Was President Richard M. Nixon Overthrown Partially By A Military Plot---And Did He Attempt To Stage A Countercoup?
In the spring of 1974—at the height of the Watergate crisis in Washington, DC---Joseph Laitin, a public affairs spokesman of the Office of management and Budget whose workplace was in the Eisenhower Executive Office Building (EEOB), next door to the White House---was on his way over to the West Wing of the Mansion to see the Secretary of the Treasury, George Schultz.
“I’d reached the basement, near the Situation Room,” he later recalled in an interview, “and just as I was about to ascend the stairway, a guy came running down the stairs two steps at a time. He had a frantic look on his face, wild eyed, like a madman. And he bowled me over, so I kind of lost my balance, and before I could pick myself up, six athletic looking young men leapt over me, pursuing him. I suddenly realized that they were secret Service agents, that I’d been knocked over by the President of the United States.”

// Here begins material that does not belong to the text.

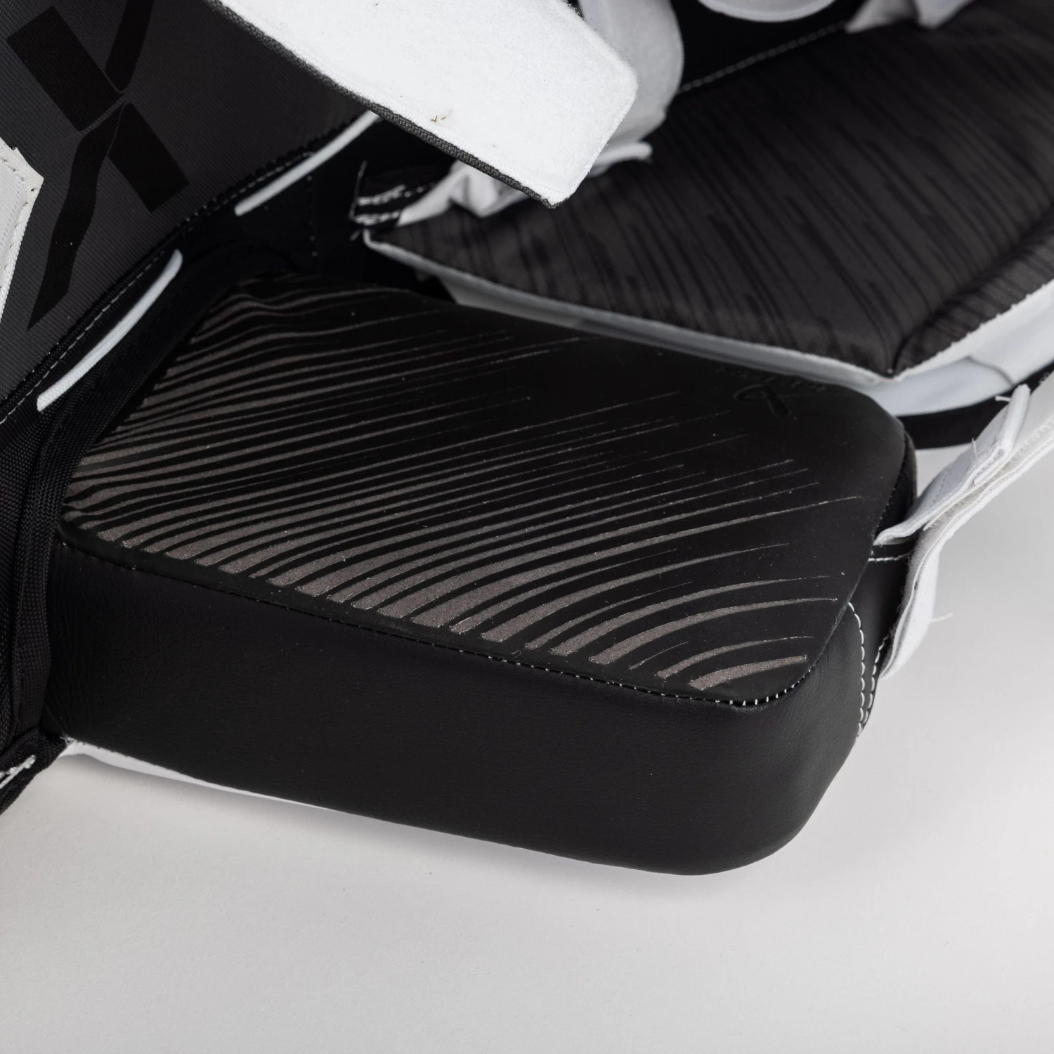 The pads use Bauer’s Cortech calf plate. which is designed to provide a greater level of protection and support to the goaltender’s lower leg and calf muscles, reducing the risk of injury and improving overall comfort when in motion on the ice. The Cortech calf plate is constructed using a series of layered materials, including high-density foam and composite inserts. These materials are strategically placed in the calf area of the pad to provide a high level of impact protection and support.

This account appeared in the book by British investigative author The Arrogance of Power: The Secret World of Richard Nixon. Returning to his office and canceling his meeting with Sec. Schultz, Laitin recalled, “I sat there stunned, and I thought, you know, ‘That madman I have just seen has his finger on the red button.’ I had a number for Defense Secretary James) Schlesinger, a phone that only he could answer. I called him, and I asked if the President could order the use of atomic weapons without going through the Secretary of Defense.
“I said, ‘If I were in your position, I would want to know who the nearest combat ready troops were who would respond to the President’s wishes to surround the White House. I would want to know what the next nearest combat ready division was, which could not only be able to overcome them, but also respond only to the chain of command. That’s what I have to say.’

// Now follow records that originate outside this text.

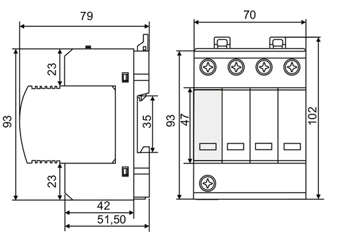 • Состоят из сменных варисторных модулей, модуля с разрядником и базы для подключения к сети и креплению к DIN-рейке 35 мм.
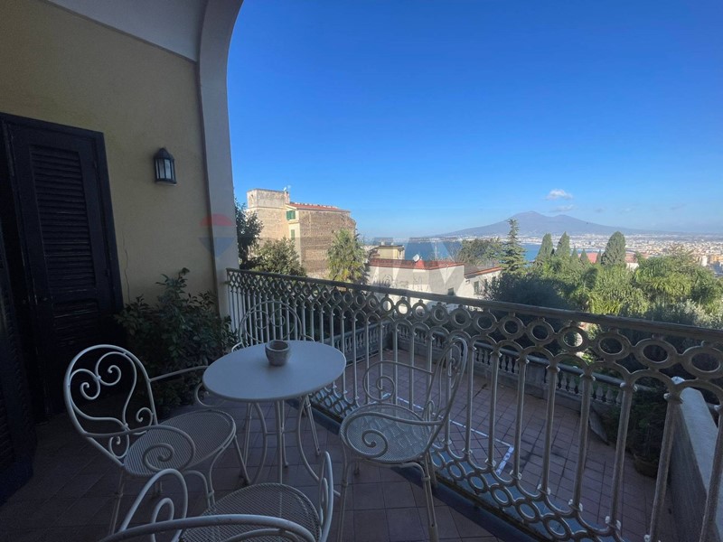 L'appartamento che gode di una vista suggestiva sulla Penisola Sorrentina e sul Golfo di Napoli, con una superficie di 207mq totali, si presenta in buono stato, ed è composto da: ingresso in ampio salone luminoso con doppi balconcini caratteristici e finestra, segue un'ampia zona giorno con camino, cucina in muratura, 2 ampi balconi terrazzati con un'incantevole vista mare e una finestra; attraversando un piccolo disimpegno entriamo nella zona notte ben divisa e confortevole con una camera da letto con doppie finestre, una comoda cabina-armadio, una camera con finestra, doppi servizi.
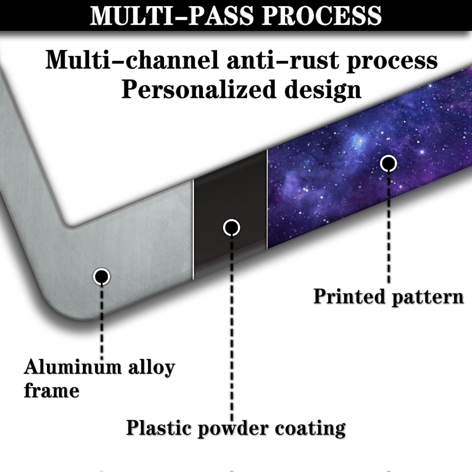 License Plate Frames for Men Multicolor License Plate Cover for Women Galaxy Aluminum Metal Car Accessory 2 Pack with Screw Covers Set
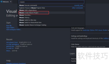 2、 按下Ctrl+Shift+P,输入maven进行搜索,选择创建Maven项目选项,按提示操作即可完成新建。
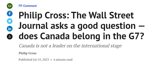 《华尔街日报》得出结论,如果加拿大不想扮演那个角色,那么七国集团应该考虑寻找替代者。

“Then there was just a click at the other end, as the Secretary of Defense hung up.”
For his part, the secretary recalled what the then Chief of Naval Operations---Adm. Elmo R. Zumwalt---had told him of what Nixon had asked of the Joint Chiefs of Staff the previous Christmas, to determine if, in a crunch,’ “There was (military) support to keep in power,” presumably even after an impeachment by the House of Representatives, and a later trial by the United States Senate to convict him of “high crimes and misdemeanors.”
In July 1974, the Secretary asked for a meeting with the then current Chairman of the Joint Chiefs, US Air Force Gen. George Brown. “I told him,” Schlesinger said to Summers, “that every order that would come from the White House had to come to me directly, immediately upon receipt…The message had to be gotten through that there were not to be any extraordinary measures taken. The message did get through.”
Gen. Brown later confirmed this as well: “Could the President get an order down to the end of the military establishment without our knowing it? The normal process would prevent any such happening because troop orders must go to a high Pentagon command center. I would have it in two minutes, and I’d be in the Secretary’s office in 30 seconds,” he recalled.
In addition, Navy Adm. James Halloway---who
D just succeeded Adm. Zumwalt—also remembered the scene thus: “Brown’s hands were shaking. He told us, ‘I’ve just come from the office of the Secretary of Defense. I made some notes. I want to read them to you.’ What the Secretary wanted was an agreement from the Joint Chiefs, all of them, that nobody would take any action or execute any orders, without all of them agreeing to it.
“Gen. Brown said they were afraid of some sort of coup involving the military…We almost fell off our chairs. If anyone was thinking of a coup, it was not anyone in uniform. None of us wanted to conjecture on ‘What if we get a screwy order from the President?’ We knew it would take care of itself. We had in the JCS five people with an average of 40 years’ experience, and they are picked for their good judgment…They would have found a way to make sure the right thing happened.”
The right thing---under the National Security Act---was that all military orders go from the President through the Secretary of Defense to the JCS, and then on down the military chain of command. Noted Sec. Schlesinger, “I did assure myself that there would be no question about the proper Constitutional and legislative chain of command---and there never was any question”---or at least so he told Summers.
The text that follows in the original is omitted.